Of the 1,123 households in 2000, 28.3% had children under the age of 18 living with them, 55.7% were married couples living together, 13.2% had a female householder with no husband present, and 27.7% were non-families. 24.1% of households were one person and 14.3% were one person aged 65 or older. The average household size was 2.57 and the average family size was 3.04.

In 2000, the age distribution was 26.0% under the age of 18, 6.9% from 18 to 24, 23.0% from 25 to 44, 20.9% from 45 to 64, and 23.2% 65 or older. The median age was 40 years. For every 100 females, there were 91.8 males. For every 100 females age 18 and over, there were 87.7 males.

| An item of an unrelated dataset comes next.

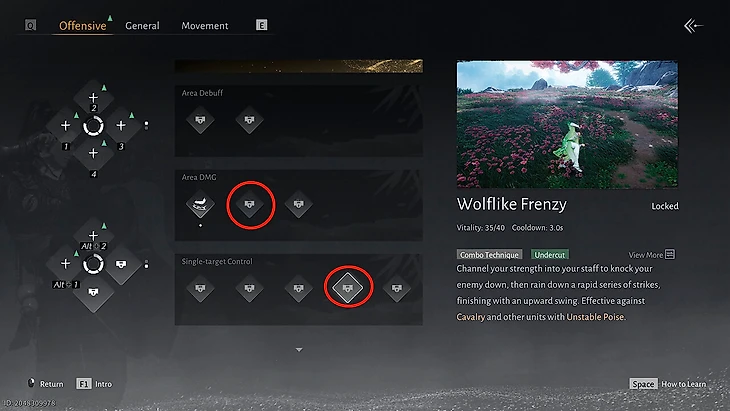 Этот билд подойдет игрокам, которые уже немного изучили механики и смогут понимать, сколько стаков кровотечения на враге. Откройте фиолетовый внутренний путь Wolfchaser’s Art (можно получить за прохождение Heavenquaker Spear – Sanctum в начале игры), чтобы эффективнее стакать кровотечение. Используйте заряженную (R) атаку мечом, чтобы наложить кровотечение до 5 стаков, потом переключитесь на копье и забаффайте себя, а потом обратно переключитесь на меч и нанесите огромное количество урона.
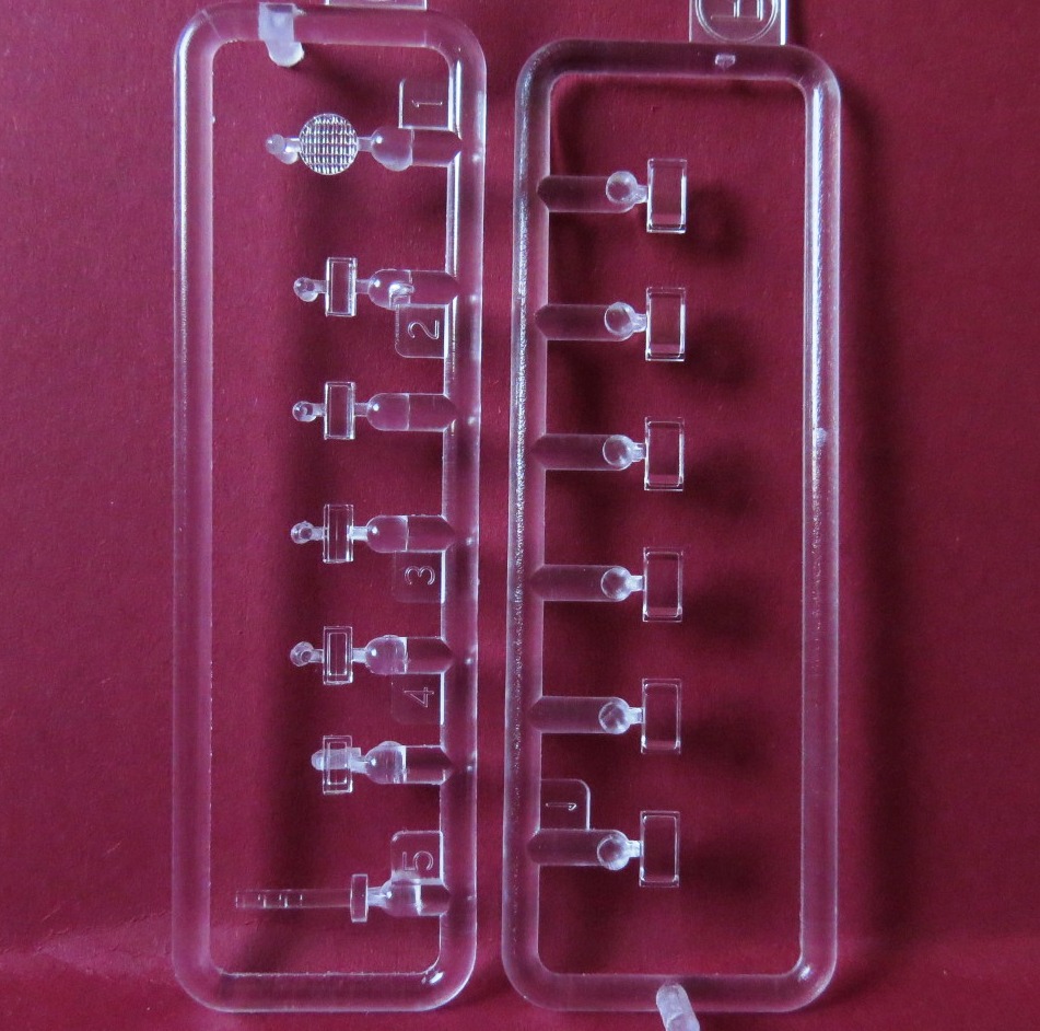 -2 литника прозрачного цвета,смотровые приборы и фара.

In 2000, the median household income was $29,174 and the median family income was $33,831. Males had a median income of $30,218 versus $20,449 for females. The per capita income for the town was $14,411. About 11.8% of families and 12.8% of the population were below the poverty line, including 19.3% of those under age 18 and 11.8% of those age 65 or over.

==Transportation==

The major roads running through Dundee are:
- US 27 – Located just west of town, this divided highway leads to Lake Wales and Haines City.
- SR 17 – This Scenic Highway goes through the center of town and provides an alternate route parallel to US 27 across eastern Polk County.
- SR 542 – Also called Dundee Road, it leads from downtown Dundee to US 27 and on westward, straight to downtown Winter Haven.